De natuur was dus van meet af aan Saeeds thema, geïnspireerd door een essay van John Berger uit 1980. Daarin schreef hij dat we naar dieren moeten kijken omdat dit onze empathie vergroot. Als we meer afbeeldingen van dieren zien, zullen we ze meer waarderen, zei hij. En dus zette Saeed dieren op gelijke voet met de mens. In een groot papieren collagewerk uit 2014, zes meter breed, stormen bevrijde runderen naar voren. Twee mensen met bivakmutsen en betonscharen, hun bevrijders, zijn er gereduceerd tot bijfiguren in de coulissen aan weerszijden. Ook maakte ze van staal hekwerken met voorstellingen die natuurlijk een belofte zijn: zet ze open en tadaa, iedereen vrij.

Nuances

Bij de talloze tentoonstellingen die ze kreeg, werd er nog weleens het etiket dierenactivisme op geplakt, een lastige term. Zo is ze wel vergeleken met de Britse illustrator en activist Sue Coe, die haar grimmige grafische beeltenissen van dieren voorzag van slogans over veganisme. Kunst als wapen, zei Coe. Maar Saeeds werk is geen campagnemateriaal of protestbord (met piepschuim de straat op, slecht idee). Hoe effectief haar werk is, daar kun je nogal vraagtekens bij zetten. Niemand van de bezoekers in Wijlre op de zondag van de opening zag eruit alsof ze vervolgens met bivakmutsen dieren van de slacht gingen redden.
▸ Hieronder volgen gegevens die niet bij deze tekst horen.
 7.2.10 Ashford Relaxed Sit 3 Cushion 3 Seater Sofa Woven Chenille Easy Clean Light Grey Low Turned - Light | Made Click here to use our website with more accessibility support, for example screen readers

Lin May Saeed: St. Jerome and the Lion, 2016.

Foto Serge Hasenböhler

Saeed bood nuances die op protestborden niet tot hun recht komen. Het is niet rechttoe rechtaan. Ze mixte mythen en clichés, het gilgamesj-epos en de oude Grieken, heden en verleden – als in: let op beste mensen, oude wijsheid, dit speelt al langer.
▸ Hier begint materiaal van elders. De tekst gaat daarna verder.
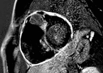 Il tumore appariva iperintenso nelle sequenze STIR (Short Time Inversion Recovery) T2 pesate (Figura 7) e presentava un lieve ed eterogeneo enhancement tardivo del gadolinio nelle immagini PSIR (Phase Sensitive) (Figura 8).
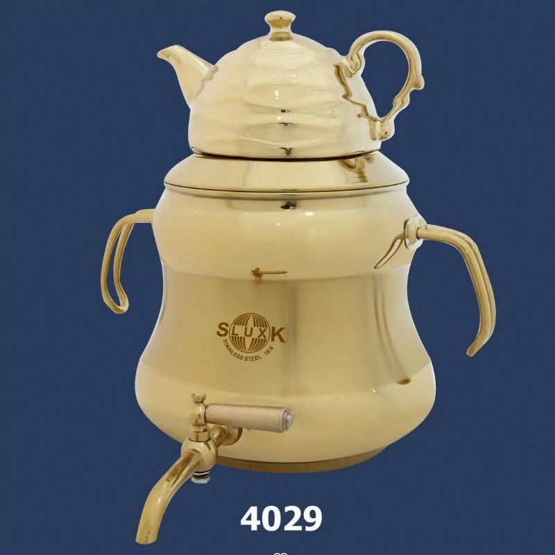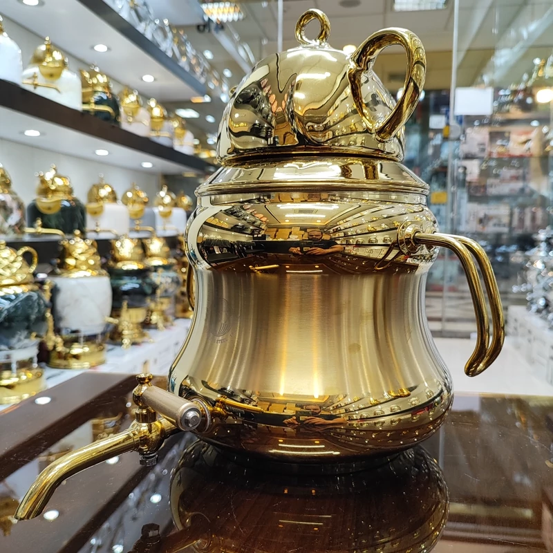 از تولیدات کارخانه با ورق استیل یک میل ضخیم تمام طلایی رنگ ثابت تضمینی گنجایش 6لیتری اب کفه چدنی مقاوم و ایمن که باعث میشه با خیال راحت بتونید روی حرارت زیاد استفاده کنید دسته و شیر خارجی اعلا دارای درب شبکه ای قوری چینی طرحدار طلایی پی وی دی شده 24ماه ضمانت برند اس لوکس

Zo toont het kleine reliëf Verge Hawr al-Hammar II uit 2013 een clichématig landschap van een huisje en kameel en palmboom et voilà: we denken het Midden-Oosten te herkennen. De titel verwijst naar een moerasgebied in Irak dat met de mythologische Hof van Eden wordt geassocieerd. Maar dat moeras is in de jaren negentig door Saddam Hoessein drooggelegd. Later bleek, met de opwarming van de aarde, dat het natuurgebied niet meer te herstellen was.

Wonderschone oerzee

Zo doemt de Hof van Eden in Wijlre in meerdere gedaantes op. Bij Cambrian Relief uit 2016 kijk je een wonderschone oerzee in, waar inmiddels uitgestorven zeeanemoonachtigen samenleven, fragiel als het breekbare verpakkingsmateriaal waar ze het uit sneed. Het is onze verbeelding waardoor we verzuchten: ah… de wonderen der natuur. O nee, shit, piepschuim.

Dan waren de konijnen nuchterder. Die maakten gewoon abstracte kunst. Waarin ze misschien geen begaafde kunstenaars waren maar wel ter zake doende ontwerpers. Hun sculptuur in Wijlre heeft namelijk een functie: er blijft water in staan waar de vele vogels in de kasteeltuin, hopelijk in harmonie, samen uit kunnen drinken.

Zaaloverzicht van de tentoonstelling ‘The Herd at the Watering Hole’.